Звенка сильно шевельнулась у кресла. Снизу вверх, от подлокотника, строго глянула на Авку.

— Как это так? Друзей «вроде того» не бывает. Друг, он — или «да», или «нет».

— Ну… я не так выразился. Друг… — Было бы долго и неловко объяснять девочке из другого мира тонкости мальчишечьих отношений в Тыквогонской империи.

— По-моему, он очень добрый, — успокоившись, продолжала Звенка. — Только с виду немножко забавный. Особенно его штаны.

— Они от старшего брата. Поэтому большущие.

— А почему заплата смешная такая, красная? Неужели белой материи не нашлось?.. Ой, здесь, наверно, мода такая, да?

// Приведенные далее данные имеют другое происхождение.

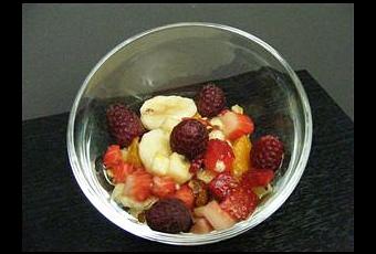 La salade du jour : banane/pomme/fraise/framboise/clémentine/fruit de la passion/noisettes concassées/HE "fresh"

— Не мода, а обычай. Брат, покуда не вырос, был императорским барабанщиком, это его форменные брюки. Все придворные барабанщики ходят с красной заплатой на левом колене.

— Почему?

— Потому что однажды случилась история… Еще целый век тому назад… Тогдашний император и его дочка, ей лет десять было, вроде как нам, поехали на открытие нового Императорского цирка. Он и сейчас посреди столицы стоит. Ну, конечно, в городе полный трам-тарарам, почетный караул, музыка. У цирка вдоль улицы с одной стороны императорские трубачи, с другой — императорские барабанщики. А один барабанщик, самый маленький (звали его, говорят, Бустик), опоздал на это дело. Он вышел со своим барабаном из дома как полагается, заранее, но в одном переулке ему повстречались вредные пацаны. Знаешь, бывают такие…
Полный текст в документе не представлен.